Lung cancer remains the leading cause of cancer-related mortality worldwide. Since 2024, the non-small-cell lung cancer (NSCLC) landscape has undergone a transformative shift, driven by 11 FDA approvals. Recent advances in molecular profiling, targeted therapies, and immunotherapies have revolutionized NSCLC management, ushering in an era of personalized treatment with improved patient outcomes. The increased adoption of low-dose computed tomography (LDCT) for screening has enhanced early detection, enabling intervention at more curable stages. Molecular diagnostics now play a pivotal role in guiding treatment strategies, with actionable genomic alterations (AGAs) informing the use of EGFR, ALK, ROS1, KRAS, NRG1, and other targeted inhibitors in both early and advanced settings. For instance, targeted therapies are increasingly being integrated into early-stage management, with adjuvant osimertinib for EGFR-mutated NSCLC and alectinib for ALK-positive NSCLC demonstrating substantial survival benefits. Immunotherapy, particularly immune checkpoint inhibitors, has become a cornerstone of treatment for AGA-negative NSCLC, either as monotherapy or in combination with chemotherapy, and is increasingly being utilized in the perioperative setting. Furthermore, emerging therapies such as bispecific antibodies, antibody-drug conjugates (ADCs), and novel immunotherapeutic agents show promise in addressing resistance mechanisms and improving outcomes in advanced-stage disease.
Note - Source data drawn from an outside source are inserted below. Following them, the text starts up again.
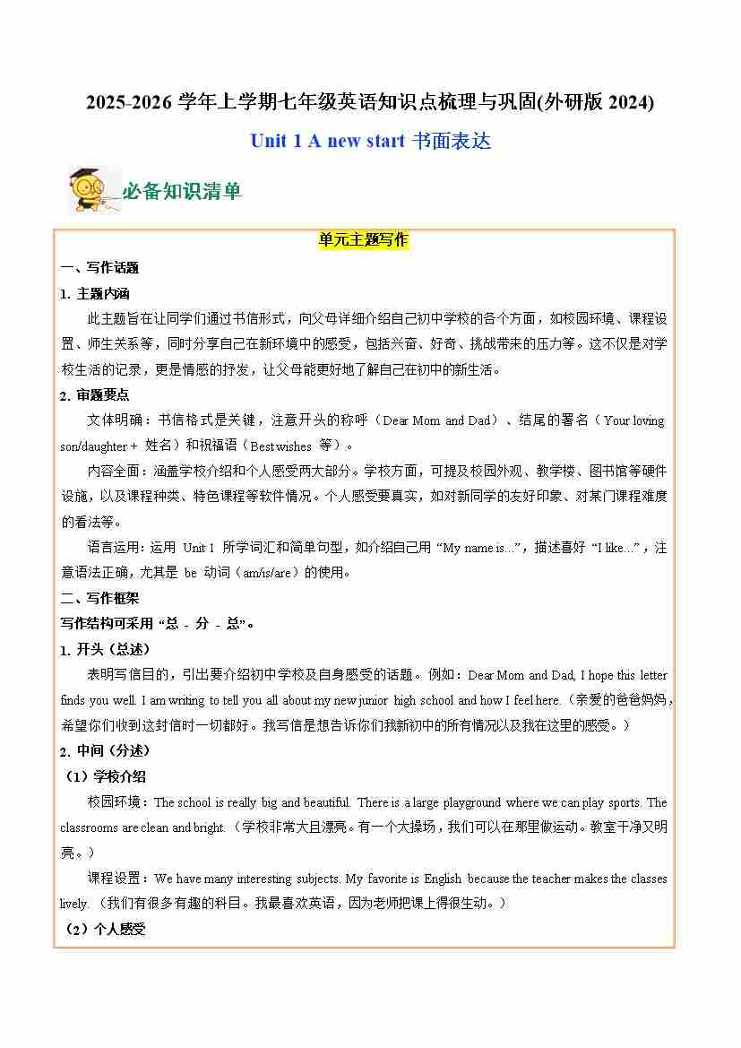 08.Unit 1 A new start (书面表达)(学生版)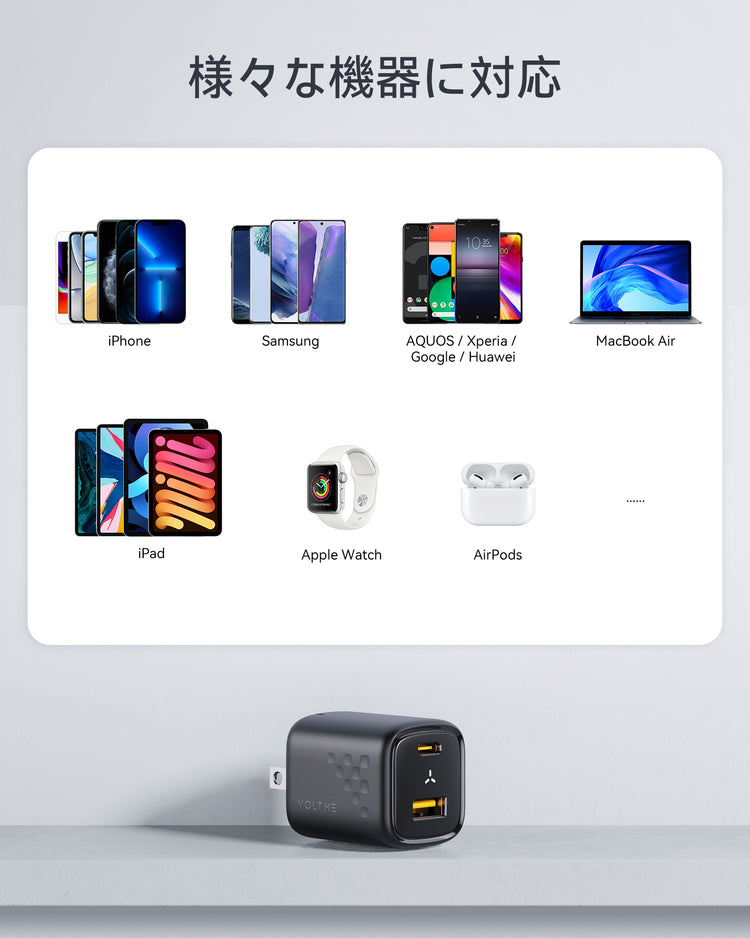 スマホ、タブレット端末、MacBook Airの充電をこれ一つで十分、持ち運びに便利な超コンパクト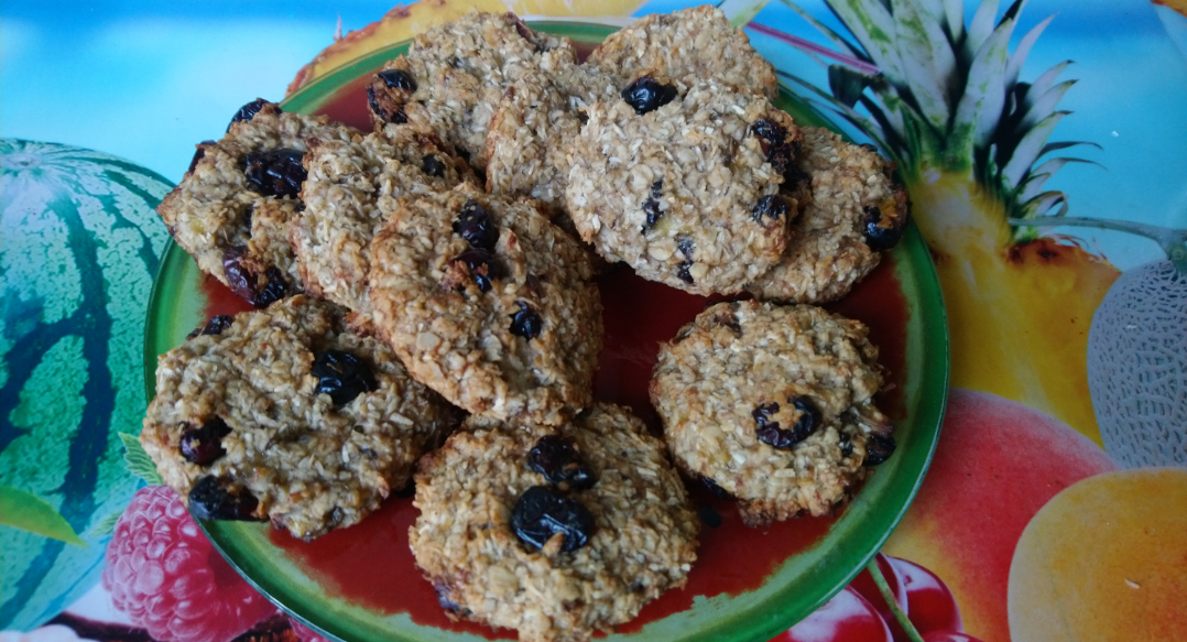 Овесени бисквити с банани, кокосови стърготини и сушени червени боровинки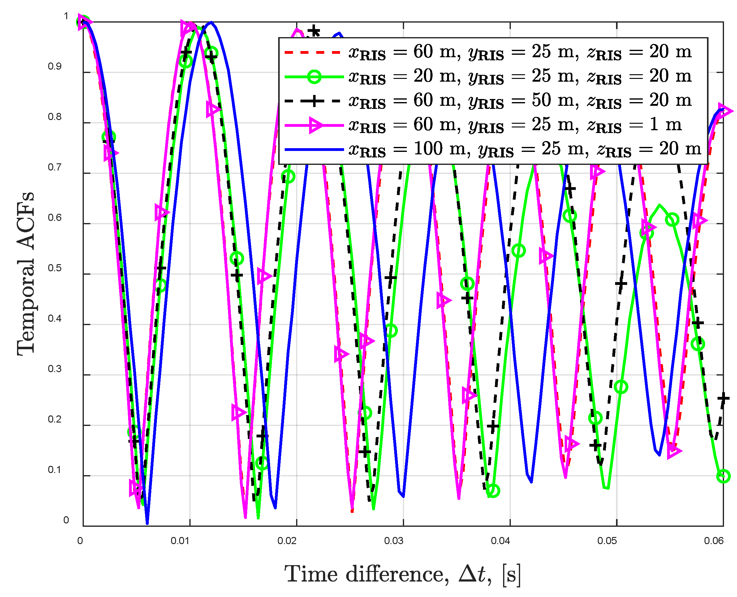 - Through comprehensive simulations, we demonstrate that RIS deployment positions and various other variables critically influence ST CCF and temporal ACF performance. Our findings provide actionable insights for RIS-aided V2V system design.

Although new challenges arise, the evolving NSCLC treatment paradigm continues to prioritize precision medicine, offering hope for prolonged survival and enhanced quality of life for patients.

更新2025:非小细胞肺癌的管理。
肺癌仍然是全球癌症相关死亡的主要原因。自2024年以来,在11项FDA批准的推动下,非小细胞肺癌(NSCLC)领域发生了翻天覆地的变化。分子谱分析、靶向治疗和免疫治疗的最新进展彻底改变了非小细胞肺癌的管理,开创了个性化治疗的时代,改善了患者的预后。越来越多地采用低剂量计算机断层扫描(LDCT)进行筛查,加强了早期发现,使干预能够在更可治愈的阶段进行。分子诊断现在在指导治疗策略方面发挥着关键作用,可操作的基因组改变(AGAs)通知早期和晚期环境中使用EGFR, ALK, ROS1, KRAS, NRG1和其他靶向抑制剂。例如,靶向治疗越来越多地被整合到早期治疗中,辅助奥希替尼治疗egfr突变的非小细胞肺癌,阿勒替尼治疗alk阳性的非小细胞肺癌,显示出显著的生存益处。免疫疗法,特别是免疫检查点抑制剂,无论是单药还是联合化疗,都已成为aga阴性NSCLC治疗的基石,并且越来越多地用于围手术期。此外,双特异性抗体、抗体-药物偶联物(adc)和新型免疫治疗剂等新兴疗法在解决耐药机制和改善晚期疾病的预后方面显示出希望。尽管出现了新的挑战,但不断发展的非小细胞肺癌治疗模式继续优先考虑精准医学,为延长患者的生存期和提高患者的生活质量提供了希望。
本文章由计算机程序翻译,如有差异,请以英文原文为准。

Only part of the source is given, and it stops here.